Beberapa hari ini, Putri cenderung mencari hiburan lewat obrolan ”receh” sesama pengguna dan figur publik. Dia sempat ikut ruang diskusi yang hanya membahas seputar kebiasaan orang kaya. Selasa (16/2/2021) malam, dia juga turut dalam obrolan ngalor-ngidul berbahasa Sunda.
”Ada juga room (ruangan) yang waktu itu membahas tim bubur diaduk atau enggak diaduk. Setiap orang di room itu benar-benar ditanyain satu-satu mereka makan bubur diaduk atau enggak,” kata perempuan asal Bekasi, Jawa Barat, ini.
Baik Faiz maupun Putri terdorong menjadi pengguna Clubhouse karena kebutuhan interaksi dengan orang. Selama pandemi Covid-19, aktivitas bekerja dari rumah atau work from home tidak memungkinkan untuk berinteraksi dengan orang baru.
Putri sendiri merasakan obrolan pengguna Clubhouse terasa sangat intim, tetapi tetap saling menjaga privasi. Sejauh ini dirinya nyaman memakai aplikasi tersebut. ”Sejauh ini aku enjoy dan masih coba dengarkan forum obrolan lainnya. Medsos lain kadang sampai aku tinggalin,” ujar Putri.
Azka Putri (27), pekerja komunikasi pemasaran di perusahaan telekomunikasi, juga mendaftar Clubhouse karena penasaran. ”Aku penasaran apakah platform ini bakal ngetren seperti Tiktok atau Instagram,” tuturnya.
Dosen llmu Komunikasi di Universitas Katolik Indonesia Atma Jaya, Andina Dwifatma, menilai Clubhouse pintar membaca momentum. Situasi pandemi makin memicu kebutuhan interaksi yang tidak dapat dipenuhi secara langsung. Belakangan, kebutuhan ini digantikan lewat keberadaan ruang maya.
Sementara, pola komunikasi orang-orang kini juga banyak berubah berkat medsos. Andina menjelaskan, orang yang baru kenal atau bahkan tidak saling kenal kini bisa ngobrol atau bahkan saling curhat di medsos.

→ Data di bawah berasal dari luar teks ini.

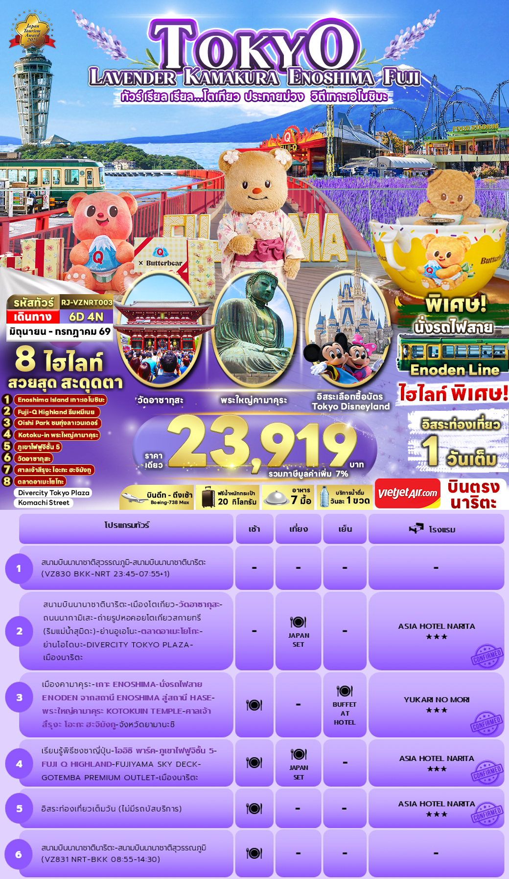 ทัวร์ญี่ปุ่น โตเกียว TOKYO KAMAKURA ENOSHIMA FUJI 6D4N บินVZ เดินทาง มิ.ย.-ก.ค. 69 ราคาเดียว 23,919 .-บาท
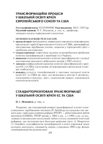 - Локшина, Олена Ігорівна (2016) Standardized Transformations in the EU and the US School Education In: Анотовані результати науково-дослідної роботи Інституту педагогіки НАПН України за 2016 рік . Педагогічна думка, м. Київ, Україна, pp. 29-30.
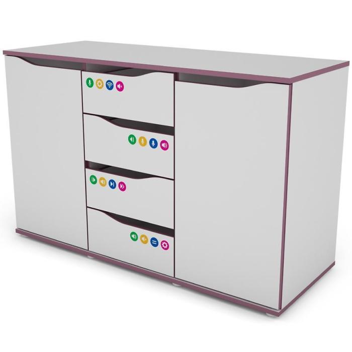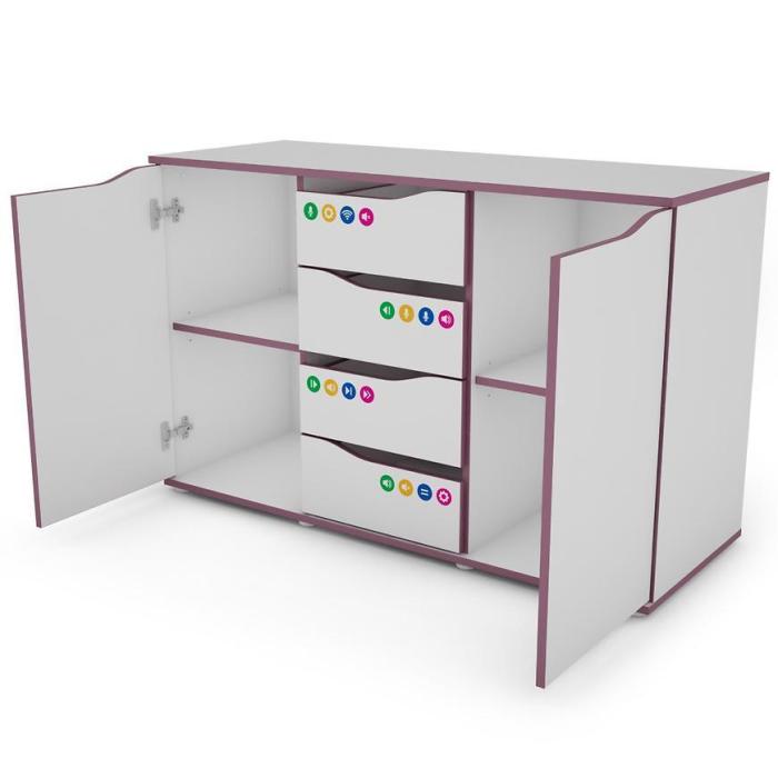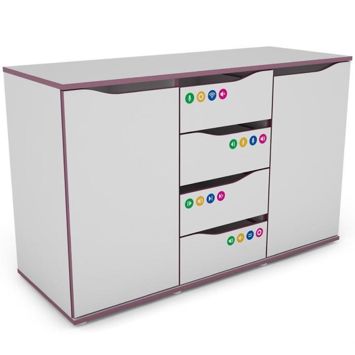 Komoda Matrix w kolorze biały/fiolet to przede wszystkim nowoczesność i funkcjonalność w jednym. Mebel doskonale sprawdzi się w każdym pokoju młodzieżowym. Materiał wykonania to płyta wiórowa laminowana. Komoda posiada cztery szuflady i dwie szafki z półkami dzięki czemu ma łatwy dostęp do wnętrza. Wygląd mebli jest nowoczesny, a zarazem uniwersalny. Mebel do samodzielnego montażu.
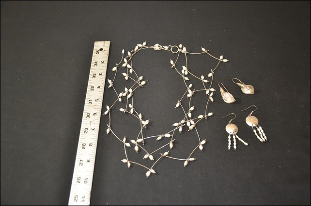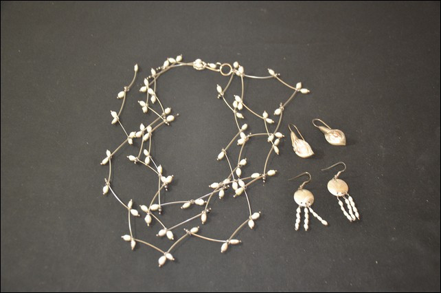 freshwater pearl and silver necklace and two pairs of earrings.  Studio art, one
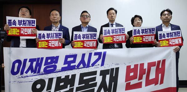 ±¹È¸ ÇàÁ¤¾ÈÀüÀ§¿øÈ¸ ¼Ò¼Ó ±¹¹ÎÀÇÈû ¼¹ü¼ö À̼º±Ç ÀÇ¿ø µîÀÌ 22ÀÏ ±¹È¸ Çà¾ÈÀ§ ȸÀÇÀå ¾Õ¿¡¼ ´õºÒ¾î¹ÎÁÖ´çÀÇ Á¤ºÎÁ¶Á÷¹ý ÀϺΰ³Á¤¾È 󸮸¦ ±ÔźÇϰí ÀÖ´Ù. ±¹È¸ Çà¾ÈÀ§´Â À̳¯ ÀüüȸÀǸ¦ ¿¾î °ËÂûû ÆóÁö¿Í °æÁ¦ºÎó °³Æí µîÀ» »À´ë·Î ÇÑ Á¤ºÎÁ¶Á÷¹ý °³Á¤¾ÈÀ» ¹ÎÁÖ´ç ÁÖµµ·Î ÀǰáÇß´Ù.

”Medsos membuat tahapan komunikasi interpersonal yang umum, seperti berkenalan, membangun kedekatan, dan seterusnya, menjadi sangat lawas. Ditambah dengan situasi pandemi, orang yang jenuh di rumah mungkin makin terpancing mencoba hal baru. Salah satunya platform medsos,” ujarnya.
Menurut regulasi itu, Clubhouse tergolong sebagai Penyelenggara Sistem Elektronik (PSE) Lingkup Privat. Akses platform tersebut dapat ditutup jika tidak kunjung mendaftarkan diri ke Kemenkominfo.
Direktur Jenderal Aplikasi Informatika Kemenkominfo Semuel Pangerapan menyebutkan, pendaftaran platform itu penting untuk memastikan keamanan data pengguna di Indonesia. Pemerintah ingin bertanggung jawab melindungi warga dengan kepastian identitas platform medsos tersebut.
”Sebenarnya platform tersebut tinggal daftar saja ke pemerintah. Justru ini adalah bentuk perlindungan dari pemerintah untuk pengguna di Indonesia. Kalau terjadi kebocoran data, pengaduan konsumen, dan sebagainya, ada pihak pengelola platform yang turut bertanggung jawab,” jelasnya.